Recorded information:

━━━━━━━━━━

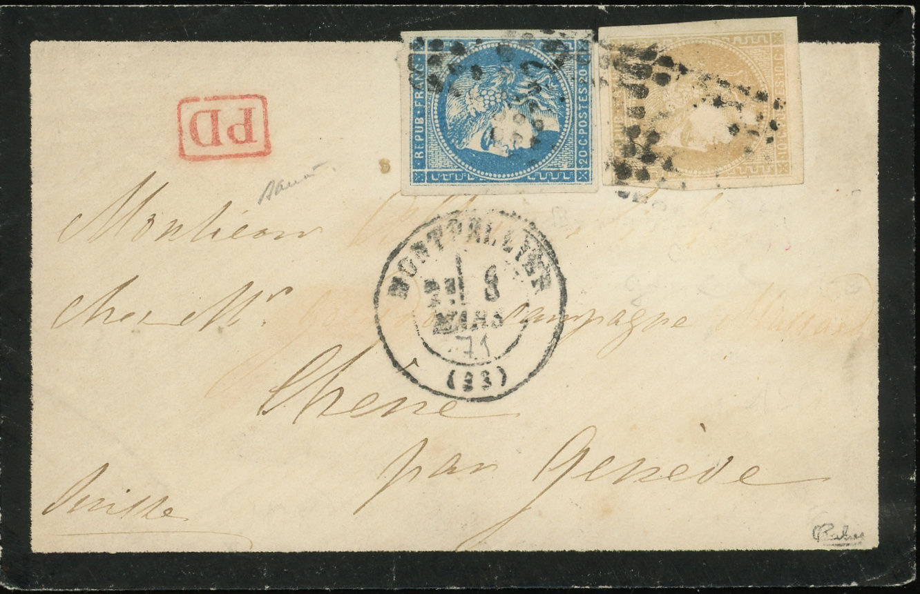 bistre terne R I et 20c. T II R I obl. s. Env., càd T17 MONTPELLIER 3/3/71, arr. CHENE-BOURG Suisse 5/3, TB. C (Image) (Image2)
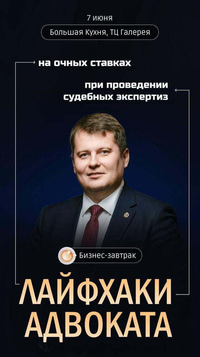 Приглашаю на адвокатский бизнес-завтрак со мной! В субботу 7 июня! В продолжение нашей конференции «ПРОФЕССИЯ АДВОКАТ» я расскажу то, что мало кто рассказывает. И это моя НОВАЯ тема! Если вы слушали мои учебные курсы, то знаете, что я рассказываю не скучно, а только практику и очень простым языком! На завтраке я расскажу: ✔️ Как быть полезным адвокатом во время очной ставки, а не быть «статистом». ✔️ Поделюсь крутыми лайфхаками: - что делать адвокату во время ознакомления с постановлением о назначении судебной экспертизы и с заключением эксперта; - как «выбивать» экспертизы из дела; - ошибки адвокатов, когда они просят признать экспертизы недопустимым доказательством; - обсудим работает ли сейчас «схема» с рецензией на экспертизу! Сразу скажу - НЕТ! Если вы до сих пор «по старинке» при помощи рецензий пытаетесь выбить из дела экспертизы, то вы должны знать - что толку от этого никакого! Надо действовать по другой «схеме»! О которой и расскажу! Количество мест очень мало!
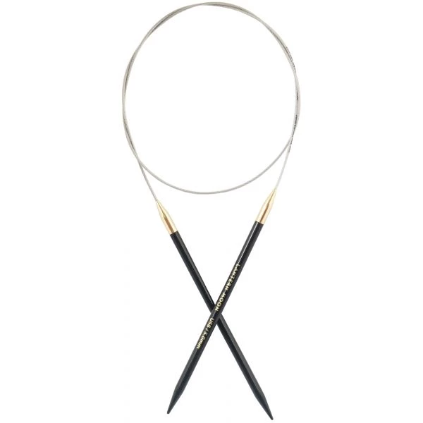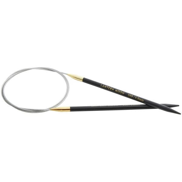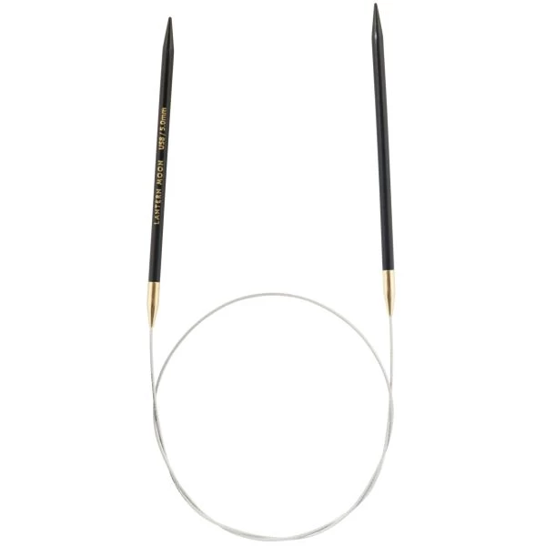 Lantern Moon Destiny Circular Needles 24″ – The needle tips of these fixed circular needles are made of Ebony, one of the world’s most expensive wood. The liquid silk finish on the lightweight needles, plus the 24K gold finish on the brass connector guarantees snag-free knitting. The smooth cords ensures no twist and lies flat when stored. Smoothly honed and shaped needle tips work well with all yarns. This package contains one pair of circular needles with a 24 inch cord. Needle size 8 (5.0mm). Available in a variety of sizes. Each sold separately. Imported.

━━━━━━━━━━

Problem details:
Would you write out exactly the lines of the data from the one holding "Приглашаю на адвокатский" to the final line, both included, with pictures left out?

Your solution:
 Приглашаю на адвокатский бизнес-завтрак со мной! В субботу 7 июня! В продолжение нашей конференции «ПРОФЕССИЯ АДВОКАТ» я расскажу то, что мало кто рассказывает. И это моя НОВАЯ тема! Если вы слушали мои учебные курсы, то знаете, что я рассказываю не скучно, а только практику и очень простым языком! На завтраке я расскажу: ✔️ Как быть полезным адвокатом во время очной ставки, а не быть «статистом». ✔️ Поделюсь крутыми лайфхаками: - что делать адвокату во время ознакомления с постановлением о назначении судебной экспертизы и с заключением эксперта; - как «выбивать» экспертизы из дела; - ошибки адвокатов, когда они просят признать экспертизы недопустимым доказательством; - обсудим работает ли сейчас «схема» с рецензией на экспертизу! Сразу скажу - НЕТ! Если вы до сих пор «по старинке» при помощи рецензий пытаетесь выбить из дела экспертизы, то вы должны знать - что толку от этого никакого! Надо действовать по другой «схеме»! О которой и расскажу! Количество мест очень мало!
 Lantern Moon Destiny Circular Needles 24″ – The needle tips of these fixed circular needles are made of Ebony, one of the world’s most expensive wood. The liquid silk finish on the lightweight needles, plus the 24K gold finish on the brass connector guarantees snag-free knitting. The smooth cords ensures no twist and lies flat when stored. Smoothly honed and shaped needle tips work well with all yarns. This package contains one pair of circular needles with a 24 inch cord. Needle size 8 (5.0mm). Available in a variety of sizes. Each sold separately. Imported.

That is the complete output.